The Root Test for Positive Series Examples 1

# The Root Test for Positive Series Examples 1

Recall from The Root Test for Positive Series of Real Numbers page the following test for convergence/divergence of a geometric series:

The Root Test for Positive Series of Real Numbers

Let $(a_n)_{n=1}^{\infty}$ be a positive sequence of real numbers and let $\displaystyle{L = \lim_{n \to \infty} (a_n)^{1/n}}$.

a) If $0 \leq L < 1$ then we conclude that:

• The series $\displaystyle{\sum_{n=1}^{\infty} a_n}$ converges.

b) If $1 < L \leq \infty$ then we conclude that:

• The series $\displaystyle{\sum_{n=1}^{\infty} a_n}$ diverges.

c) If $L = 1$ then the ratio test is inconclusive.

We will now look at some examples of applying the root test.

## Example 1

Determine whether $\displaystyle{\sum_{n=1}^{\infty} \left ( \frac{e^n}{n2^n} \right )^n}$ converges or diverges.

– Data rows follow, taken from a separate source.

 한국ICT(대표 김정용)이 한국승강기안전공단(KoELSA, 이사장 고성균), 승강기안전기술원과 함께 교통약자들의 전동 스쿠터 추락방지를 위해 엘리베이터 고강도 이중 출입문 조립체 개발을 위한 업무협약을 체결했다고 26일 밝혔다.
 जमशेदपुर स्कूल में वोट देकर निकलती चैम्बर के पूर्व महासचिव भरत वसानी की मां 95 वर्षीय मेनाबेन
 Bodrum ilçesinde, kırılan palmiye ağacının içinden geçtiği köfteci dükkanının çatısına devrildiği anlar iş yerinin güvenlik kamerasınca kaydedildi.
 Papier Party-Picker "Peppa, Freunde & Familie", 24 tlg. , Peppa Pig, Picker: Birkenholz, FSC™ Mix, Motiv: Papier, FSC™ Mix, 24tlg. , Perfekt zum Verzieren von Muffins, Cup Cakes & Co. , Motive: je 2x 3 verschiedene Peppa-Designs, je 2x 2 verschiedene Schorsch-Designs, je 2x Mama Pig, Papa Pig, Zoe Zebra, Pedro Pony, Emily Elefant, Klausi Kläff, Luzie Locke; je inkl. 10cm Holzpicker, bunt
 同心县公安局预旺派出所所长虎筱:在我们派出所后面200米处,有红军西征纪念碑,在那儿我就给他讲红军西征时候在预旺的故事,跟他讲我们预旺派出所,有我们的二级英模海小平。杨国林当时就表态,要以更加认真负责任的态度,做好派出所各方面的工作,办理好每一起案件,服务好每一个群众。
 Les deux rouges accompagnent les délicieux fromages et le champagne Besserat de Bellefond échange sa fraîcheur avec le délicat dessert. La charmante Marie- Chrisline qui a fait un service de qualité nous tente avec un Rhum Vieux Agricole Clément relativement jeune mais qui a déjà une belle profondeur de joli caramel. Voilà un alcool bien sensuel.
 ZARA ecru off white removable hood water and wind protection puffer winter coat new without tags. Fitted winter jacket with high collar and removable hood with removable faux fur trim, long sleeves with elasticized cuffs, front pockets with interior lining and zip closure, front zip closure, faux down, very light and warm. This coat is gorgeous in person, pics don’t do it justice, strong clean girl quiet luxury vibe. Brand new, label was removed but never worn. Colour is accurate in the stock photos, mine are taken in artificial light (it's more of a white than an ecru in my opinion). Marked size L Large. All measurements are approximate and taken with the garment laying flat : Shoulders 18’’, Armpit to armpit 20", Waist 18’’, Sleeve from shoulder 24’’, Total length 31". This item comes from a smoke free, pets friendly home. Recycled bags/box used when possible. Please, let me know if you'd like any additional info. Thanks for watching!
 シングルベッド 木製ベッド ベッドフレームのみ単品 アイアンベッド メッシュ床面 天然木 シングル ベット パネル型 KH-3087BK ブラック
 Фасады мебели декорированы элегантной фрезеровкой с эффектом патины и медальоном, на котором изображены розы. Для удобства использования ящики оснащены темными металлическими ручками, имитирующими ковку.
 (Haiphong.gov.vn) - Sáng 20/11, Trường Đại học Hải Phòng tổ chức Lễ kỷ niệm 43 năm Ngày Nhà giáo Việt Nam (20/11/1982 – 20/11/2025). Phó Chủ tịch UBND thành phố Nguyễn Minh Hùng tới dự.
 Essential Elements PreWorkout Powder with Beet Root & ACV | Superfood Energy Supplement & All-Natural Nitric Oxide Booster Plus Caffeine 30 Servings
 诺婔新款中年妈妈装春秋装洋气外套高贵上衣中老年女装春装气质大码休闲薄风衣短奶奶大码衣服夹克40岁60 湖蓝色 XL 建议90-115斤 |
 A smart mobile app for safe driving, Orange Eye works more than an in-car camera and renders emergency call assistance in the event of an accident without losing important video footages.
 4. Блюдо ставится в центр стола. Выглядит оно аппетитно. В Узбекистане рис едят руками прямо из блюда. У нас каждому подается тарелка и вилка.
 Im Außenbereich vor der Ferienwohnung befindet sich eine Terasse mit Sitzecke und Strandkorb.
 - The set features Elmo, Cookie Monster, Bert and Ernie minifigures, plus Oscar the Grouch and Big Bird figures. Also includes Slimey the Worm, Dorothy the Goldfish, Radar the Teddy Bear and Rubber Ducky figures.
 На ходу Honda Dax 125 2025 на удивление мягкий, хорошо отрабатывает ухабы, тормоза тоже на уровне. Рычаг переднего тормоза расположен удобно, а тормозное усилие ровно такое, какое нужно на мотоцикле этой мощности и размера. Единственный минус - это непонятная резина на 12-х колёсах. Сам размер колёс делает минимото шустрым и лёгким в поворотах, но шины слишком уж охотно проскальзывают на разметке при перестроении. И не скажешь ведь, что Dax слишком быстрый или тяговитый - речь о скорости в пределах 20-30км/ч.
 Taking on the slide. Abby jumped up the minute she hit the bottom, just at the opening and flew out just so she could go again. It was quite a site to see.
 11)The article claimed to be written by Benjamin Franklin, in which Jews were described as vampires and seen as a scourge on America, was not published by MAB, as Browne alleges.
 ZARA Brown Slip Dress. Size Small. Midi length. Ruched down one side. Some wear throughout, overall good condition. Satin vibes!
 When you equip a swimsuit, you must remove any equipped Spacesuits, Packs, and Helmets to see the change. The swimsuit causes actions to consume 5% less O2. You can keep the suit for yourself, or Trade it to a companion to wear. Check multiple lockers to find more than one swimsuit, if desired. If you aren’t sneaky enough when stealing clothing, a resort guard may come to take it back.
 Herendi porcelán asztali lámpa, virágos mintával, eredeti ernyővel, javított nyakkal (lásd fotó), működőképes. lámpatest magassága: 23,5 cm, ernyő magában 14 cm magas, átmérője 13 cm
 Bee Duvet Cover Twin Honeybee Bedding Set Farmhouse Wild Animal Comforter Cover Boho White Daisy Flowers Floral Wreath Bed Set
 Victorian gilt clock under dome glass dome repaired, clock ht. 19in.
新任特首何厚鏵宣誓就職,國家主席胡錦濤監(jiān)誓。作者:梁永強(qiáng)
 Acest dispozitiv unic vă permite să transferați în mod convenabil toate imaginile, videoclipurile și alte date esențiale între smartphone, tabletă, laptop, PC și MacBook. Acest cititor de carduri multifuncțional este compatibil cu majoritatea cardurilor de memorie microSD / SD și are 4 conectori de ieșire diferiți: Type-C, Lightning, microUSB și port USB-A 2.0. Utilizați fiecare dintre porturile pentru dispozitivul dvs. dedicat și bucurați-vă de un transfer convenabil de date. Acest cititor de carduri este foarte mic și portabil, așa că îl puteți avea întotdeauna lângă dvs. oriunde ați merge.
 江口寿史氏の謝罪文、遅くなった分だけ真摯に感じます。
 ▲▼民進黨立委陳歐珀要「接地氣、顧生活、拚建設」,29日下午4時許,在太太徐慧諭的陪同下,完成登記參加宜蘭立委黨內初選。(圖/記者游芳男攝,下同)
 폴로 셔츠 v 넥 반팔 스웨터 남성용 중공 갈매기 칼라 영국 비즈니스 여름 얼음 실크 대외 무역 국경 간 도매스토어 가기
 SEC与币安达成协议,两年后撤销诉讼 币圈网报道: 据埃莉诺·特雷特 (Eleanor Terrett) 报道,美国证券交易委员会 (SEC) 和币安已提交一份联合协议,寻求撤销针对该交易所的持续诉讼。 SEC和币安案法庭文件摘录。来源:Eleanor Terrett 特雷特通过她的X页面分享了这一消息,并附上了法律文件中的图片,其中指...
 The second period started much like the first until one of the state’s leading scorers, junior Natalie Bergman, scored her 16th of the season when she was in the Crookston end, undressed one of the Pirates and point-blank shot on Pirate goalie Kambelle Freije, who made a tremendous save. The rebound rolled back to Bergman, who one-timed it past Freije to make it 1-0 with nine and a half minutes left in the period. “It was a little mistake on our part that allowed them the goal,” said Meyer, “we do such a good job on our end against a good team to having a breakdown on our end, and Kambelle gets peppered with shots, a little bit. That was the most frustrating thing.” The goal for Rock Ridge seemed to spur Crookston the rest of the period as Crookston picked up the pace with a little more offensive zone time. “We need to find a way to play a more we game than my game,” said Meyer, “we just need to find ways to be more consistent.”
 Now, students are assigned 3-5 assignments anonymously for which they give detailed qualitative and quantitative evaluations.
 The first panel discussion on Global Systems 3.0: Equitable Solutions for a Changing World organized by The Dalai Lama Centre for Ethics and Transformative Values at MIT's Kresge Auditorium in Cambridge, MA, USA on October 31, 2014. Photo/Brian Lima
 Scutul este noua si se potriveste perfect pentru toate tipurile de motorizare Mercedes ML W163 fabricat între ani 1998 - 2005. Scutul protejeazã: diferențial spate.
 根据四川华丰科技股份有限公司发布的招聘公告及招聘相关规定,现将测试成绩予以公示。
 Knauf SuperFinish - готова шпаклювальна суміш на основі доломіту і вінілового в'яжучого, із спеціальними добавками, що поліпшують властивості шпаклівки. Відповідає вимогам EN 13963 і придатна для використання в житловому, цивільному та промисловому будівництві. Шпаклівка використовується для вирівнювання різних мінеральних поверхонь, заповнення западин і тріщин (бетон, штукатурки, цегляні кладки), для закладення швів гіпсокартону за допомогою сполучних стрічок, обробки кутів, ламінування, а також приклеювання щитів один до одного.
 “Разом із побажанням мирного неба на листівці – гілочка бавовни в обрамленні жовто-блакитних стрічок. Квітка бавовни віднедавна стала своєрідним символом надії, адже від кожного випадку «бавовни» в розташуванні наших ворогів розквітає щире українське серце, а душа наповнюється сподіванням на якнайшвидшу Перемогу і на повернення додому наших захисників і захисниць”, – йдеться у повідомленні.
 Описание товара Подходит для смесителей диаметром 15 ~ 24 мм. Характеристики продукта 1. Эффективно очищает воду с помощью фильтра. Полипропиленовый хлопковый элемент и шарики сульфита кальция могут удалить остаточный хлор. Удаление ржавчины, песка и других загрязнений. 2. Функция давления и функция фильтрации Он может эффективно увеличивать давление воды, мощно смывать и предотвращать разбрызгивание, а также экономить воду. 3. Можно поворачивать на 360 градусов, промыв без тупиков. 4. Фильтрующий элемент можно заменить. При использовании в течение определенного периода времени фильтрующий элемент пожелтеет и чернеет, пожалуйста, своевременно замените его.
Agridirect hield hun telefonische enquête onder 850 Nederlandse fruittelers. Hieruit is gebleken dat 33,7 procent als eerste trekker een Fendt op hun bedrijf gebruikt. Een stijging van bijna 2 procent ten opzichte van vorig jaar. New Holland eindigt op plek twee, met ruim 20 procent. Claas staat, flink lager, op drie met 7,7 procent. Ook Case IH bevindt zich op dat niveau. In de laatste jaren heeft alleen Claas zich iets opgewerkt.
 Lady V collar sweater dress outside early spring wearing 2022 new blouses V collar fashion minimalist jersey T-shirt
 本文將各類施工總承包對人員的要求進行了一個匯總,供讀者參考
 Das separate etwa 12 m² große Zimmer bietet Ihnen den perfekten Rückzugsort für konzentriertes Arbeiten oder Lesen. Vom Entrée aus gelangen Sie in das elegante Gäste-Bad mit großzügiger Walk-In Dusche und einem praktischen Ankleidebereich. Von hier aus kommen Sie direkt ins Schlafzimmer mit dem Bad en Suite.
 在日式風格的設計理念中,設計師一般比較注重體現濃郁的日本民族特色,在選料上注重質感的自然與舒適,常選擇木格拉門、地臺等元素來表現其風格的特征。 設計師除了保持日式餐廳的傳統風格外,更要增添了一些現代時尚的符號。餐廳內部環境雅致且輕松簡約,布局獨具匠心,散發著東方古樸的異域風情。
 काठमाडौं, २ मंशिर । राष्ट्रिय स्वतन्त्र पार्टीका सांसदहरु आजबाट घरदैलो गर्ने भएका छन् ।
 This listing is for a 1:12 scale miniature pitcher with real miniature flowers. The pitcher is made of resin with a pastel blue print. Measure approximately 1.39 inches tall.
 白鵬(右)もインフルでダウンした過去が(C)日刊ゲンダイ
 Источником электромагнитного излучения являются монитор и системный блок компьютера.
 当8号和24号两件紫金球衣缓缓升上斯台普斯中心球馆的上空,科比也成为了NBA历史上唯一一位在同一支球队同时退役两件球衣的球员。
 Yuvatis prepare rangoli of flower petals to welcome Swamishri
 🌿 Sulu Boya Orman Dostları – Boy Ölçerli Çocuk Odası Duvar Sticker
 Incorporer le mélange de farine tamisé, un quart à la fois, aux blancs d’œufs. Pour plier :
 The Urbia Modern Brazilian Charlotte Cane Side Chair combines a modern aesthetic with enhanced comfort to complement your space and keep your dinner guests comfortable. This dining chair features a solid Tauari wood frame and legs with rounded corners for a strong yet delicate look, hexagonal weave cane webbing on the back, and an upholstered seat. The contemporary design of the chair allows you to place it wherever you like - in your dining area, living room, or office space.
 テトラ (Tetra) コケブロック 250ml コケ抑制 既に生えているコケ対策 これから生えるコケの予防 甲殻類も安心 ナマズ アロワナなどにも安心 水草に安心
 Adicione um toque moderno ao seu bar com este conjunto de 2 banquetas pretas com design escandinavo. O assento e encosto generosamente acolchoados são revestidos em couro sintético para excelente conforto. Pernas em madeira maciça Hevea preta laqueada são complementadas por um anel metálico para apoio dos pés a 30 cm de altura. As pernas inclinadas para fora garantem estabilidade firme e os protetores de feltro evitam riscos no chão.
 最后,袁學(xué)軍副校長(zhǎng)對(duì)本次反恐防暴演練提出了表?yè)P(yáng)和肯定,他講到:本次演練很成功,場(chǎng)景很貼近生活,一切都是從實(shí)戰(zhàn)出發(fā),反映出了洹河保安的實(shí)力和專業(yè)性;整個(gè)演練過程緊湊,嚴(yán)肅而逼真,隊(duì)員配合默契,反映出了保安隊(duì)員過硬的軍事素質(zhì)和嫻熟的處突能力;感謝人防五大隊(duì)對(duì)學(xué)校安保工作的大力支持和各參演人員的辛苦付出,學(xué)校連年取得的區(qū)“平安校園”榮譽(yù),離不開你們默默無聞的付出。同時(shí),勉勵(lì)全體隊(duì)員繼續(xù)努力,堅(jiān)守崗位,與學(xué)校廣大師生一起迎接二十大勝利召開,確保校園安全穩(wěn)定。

Applying the root test and we see that:

(1)
\begin{align} \quad L = \lim_{n \to \infty} \left ( \left ( \frac{e^n}{n2^n} \right )^n \right )^{1/n} = \lim_{n \to \infty} \frac{e^n}{n2^n} = \lim_{n \to \infty} \left ( \frac{e}{2} \right)^n \frac{1}{n} = \infty \end{align}

So by the root test we conclude that since $1 < L = \infty \leq \infty$ that $\displaystyle{\sum_{n=1}^{\infty} \left ( \frac{e^n}{n2^n} \right )^n}$ diverges.

## Example 2

Determine whether $\displaystyle{\sum_{n=1}^{\infty} \frac{\sqrt{4^n}}{3^n}}$ converges or diverges.

Applying the root test and we see that:

(2)
\begin{align} \quad L = \lim_{n \to \infty} \left ( \frac{\sqrt{4^n}}{3^n} \right )^{1/n} = \lim_{n \to \infty} \frac{\sqrt[n+1]{4^n}}{3} = \frac{\sqrt{4}}{3} = \frac{2}{3} \end{align}

So by the root test we conclude that since $0 \leq \frac{2}{3} < 1$ that $\displaystyle{\sum_{n=1}^{\infty} \frac{\sqrt{4^n}}{3^n}}$ converges.